A proposta é mostrar que a IA pode ser uma aliada no processo educacional, desde que não substitua a participação ativa do aluno. Para o professor Jean Rafael, coordenador de Robótica Educacional do Instituto Blue Educação, em Brasília, impedir completamente o contato dos estudantes com essas ferramentas não é uma estratégia realista. 

“A IA veio para ficar. Não adianta dizer aos alunos que eles não podem utilizar a inteligência artificial durante os estudos ou para resolver as tarefas de casa. O que precisamos fazer é instruí-los para o uso correto dessa ferramenta.”
 

Entre o auxílio e o atalho

Um dos principais desafios está em diferenciar o uso da inteligência artificial como recurso de aprendizagem daquele em que a ferramenta simplesmente entrega a resposta pronta. Para os educadores, essa diferença é fundamental. 

Uma ferramenta de IA pode, por exemplo, ajudar o estudante a compreender um conceito, sugerir caminhos para uma pesquisa, apresentar diferentes formas de abordar determinado assunto ou auxiliar na organização das ideias. O problema aparece quando o aluno apenas copia o resultado e deixa de participar da construção do conhecimento. 

“A IA é uma poderosa ferramenta e, como ferramenta, deve ser parte do processo de aprendizado. Ela não pode ser a parte absoluta, não pode ser o todo. O aluno precisa interagir com aquela inteligência artificial e alternar seu uso com meios de pesquisa tradicionais para construir todo o processo cognitivo que aquela tarefa foi pensada para desenvolver”, explica Jean Rafael. 

A mudança também altera a relação do estudante com a própria pesquisa. Em vez de simplesmente procurar uma resposta, passa a ser necessário questionar a informação recebida, comparar fontes, identificar possíveis erros e compreender o conteúdo antes de utilizá-lo.
 

O que acontece quando a resposta vem pronta?

A preocupação das escolas não está apenas relacionada à possibilidade de cópia em trabalhos ou tarefas. O debate envolve uma questão mais profunda: o impacto que a dependência excessiva da tecnologia pode ter sobre o desenvolvimento das habilidades cognitivas. 

Isso porque uma atividade escolar não é pensada apenas para chegar a uma resposta correta. Resolver um problema, escrever um texto ou pesquisar determinado assunto também envolve interpretação, raciocínio, tentativa, erro, seleção de informações e construção de argumentos.  

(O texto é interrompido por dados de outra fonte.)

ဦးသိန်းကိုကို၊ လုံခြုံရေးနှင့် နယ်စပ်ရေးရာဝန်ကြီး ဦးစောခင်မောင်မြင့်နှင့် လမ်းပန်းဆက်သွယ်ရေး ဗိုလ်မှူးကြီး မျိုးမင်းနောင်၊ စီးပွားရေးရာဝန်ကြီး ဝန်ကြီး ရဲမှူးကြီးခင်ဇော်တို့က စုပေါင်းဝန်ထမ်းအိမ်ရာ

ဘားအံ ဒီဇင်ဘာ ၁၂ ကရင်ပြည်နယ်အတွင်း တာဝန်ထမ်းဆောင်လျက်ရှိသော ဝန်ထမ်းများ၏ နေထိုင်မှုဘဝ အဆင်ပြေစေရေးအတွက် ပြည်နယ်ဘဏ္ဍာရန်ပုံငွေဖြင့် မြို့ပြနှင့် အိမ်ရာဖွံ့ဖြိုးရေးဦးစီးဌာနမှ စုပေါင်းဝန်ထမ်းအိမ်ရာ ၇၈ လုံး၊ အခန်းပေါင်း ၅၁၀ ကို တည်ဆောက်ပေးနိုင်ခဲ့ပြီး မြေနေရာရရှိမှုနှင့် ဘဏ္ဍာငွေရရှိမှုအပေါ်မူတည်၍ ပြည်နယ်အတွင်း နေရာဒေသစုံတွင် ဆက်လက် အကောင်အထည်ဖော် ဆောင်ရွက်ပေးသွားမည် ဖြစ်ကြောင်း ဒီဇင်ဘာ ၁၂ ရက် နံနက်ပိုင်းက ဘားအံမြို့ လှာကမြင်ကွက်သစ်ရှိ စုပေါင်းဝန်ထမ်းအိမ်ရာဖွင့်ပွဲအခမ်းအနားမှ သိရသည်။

“Quando passamos um dever de casa ou uma tarefa para os estudantes, não queremos simplesmente que eles resolvam por resolver. O mais importante é o que eles vão absorver e aprender durante o processo de resolução daquela tarefa.” 

Nesse sentido, utilizar a IA para eliminar justamente essa etapa pode fazer com que o estudante entregue uma atividade correta sem necessariamente ter aprendido o conteúdo. “Se a IA vem com a resposta pronta e o aluno simplesmente coloca a pergunta, copia a resposta e entrega, onde entra o processo de aprendizado? Esse processo é inexistente.”
 

Escola precisa ensinar também a usar a tecnologia

A presença da inteligência artificial amplia o papel da escola. Além de ensinar conteúdos tradicionais, educadores passam a ter o desafio de preparar os estudantes para utilizar tecnologias que já fazem parte de sua realidade. 

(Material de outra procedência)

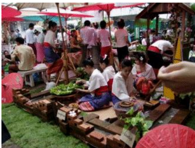
ภาพที่ 5.7 ตัวอย่างตลาดล้านนา

Isso significa discutir ética, responsabilidade, checagem de informações e limites de uso, mas também ensinar os alunos a fazer perguntas melhores, analisar respostas e utilizar a tecnologia para ampliar e não substituir sua capacidade de pensar. 

Para Jean, a ausência dessa orientação pode favorecer uma relação de dependência. “Se não tomarmos cuidado de instruir adequadamente nossos estudantes, eles vão se tornar cada vez mais dependentes desse tipo de ferramenta e seu desenvolvimento cognitivo pode ser prejudicado ao longo do processo educacional.” 

A questão, portanto, já não é mais se os estudantes terão contato com a inteligência artificial. Para as escolas, o desafio é prepará-los para conviver com ela de maneira crítica e responsável. Afinal, em uma realidade na qual uma resposta pode estar a poucos segundos de distância, aprender a pensar continua sendo uma habilidade que nenhuma tecnologia deveria substituir.